I’m still looking for help. 

Thursday, September 18, 2014

How Can I Break Into Hotel Doctoring?


My first response is always: read my blog. Begun in 2009, it contains everything you need to know about hotel doctoring including how I started.

While it’s entertaining, it might not help. I began in 1983 when there was little competition. I do no marketing except an occasional letter to general managers. I have no web site; this blog, as I chronically complain, has never attracted a customer. I don’t pay hotel employees when they refer a guest (illegal but a long tradition). Yet I do fine. My database, so old it’s a DOS program, contains nearly 18,000 visits. No one will ever match that.

The quickest way to break in is to buy another doctor’s practice. Buying an office practice is bad business because patients drift away, but a doctor selling a hotel practice simply transfers the phone number. As long as the buyer responds to calls, he’ll keep every client because hotels rarely pay close attention to their house doctor.

This is no idle theory because a veteran colleague will soon retire. Another physician has purchased his clientele, a dozen of Los Angeles' and Beverly Hills’ most luxurious hotels. I have heard only good things about the buyer, but he is not an established hotel physician or a friend, so I plan to benefit.

Despite collecting Social Security for ten years, I have no plans to retire, but it’s hard to imagine me working beyond a few more years. I might entertain an offer.

Thursday, January 3, 2013

A Light at the End of the Tunnel

I’ve been warning that this blog may vanish on January 15 when my E-mail provider, Physicians On-Line, goes out of business. Google could make it easy for bloggers to change their primary E-mail, but it turns out to be nearly impossible. However, Google does allow us to invite another person to join the blog and share all contributing and editing privileges.

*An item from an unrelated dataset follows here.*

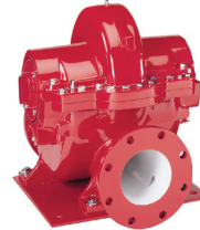
B&G Series HSC3 Horizontal Split Case Double Suction

So I sent an invitation to myself which I accepted. Google apparently has no objection to two Mike Oppenheim’s hosting a blog, identical in all areas except E-mail. I keep my fingers crossed that one will remain after the 15th.  

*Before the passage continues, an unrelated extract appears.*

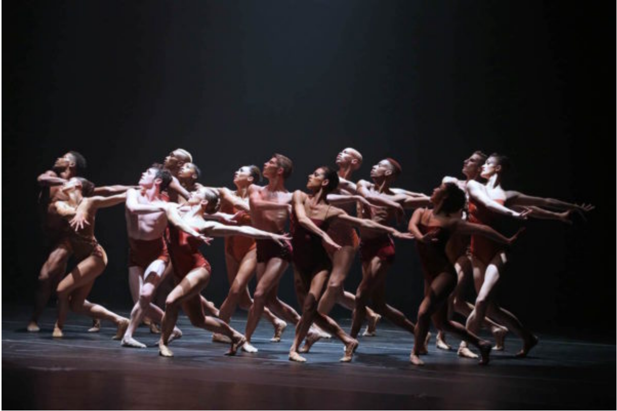
Complexions Contemporary Ballet.

Wednesday, November 14, 2012

Warning: This Blog May Vanish



I suspect this blog will disappear on January 15, 2013. That’s when Medscape shuts down its E-mail which I’ve been using since the 1990s. At first, I assumed this would be no problem. I would log on using my other E-mail addresses, but they don’t work.

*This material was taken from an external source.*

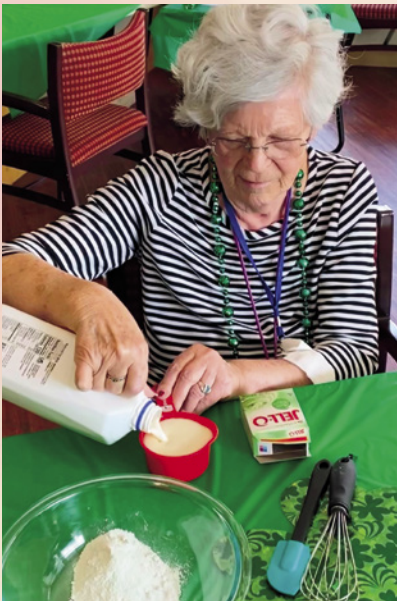
Cooking programs continue to be popular – both the preparation and sharing the delicious treats.

Innocently, I went to a Google forum to ask how to transfer the blog to another E-mail. Almost immediately a responder explained that I must use the permissions wizard – “carefully.” My heart sank as I read an entire page of instructions, links, and warnings plus the suggestion that it works best using two computers and two browsers. I didn’t understand.

My current plan is to recreate the blog which will probably require a different name, so keep your eyes peeled.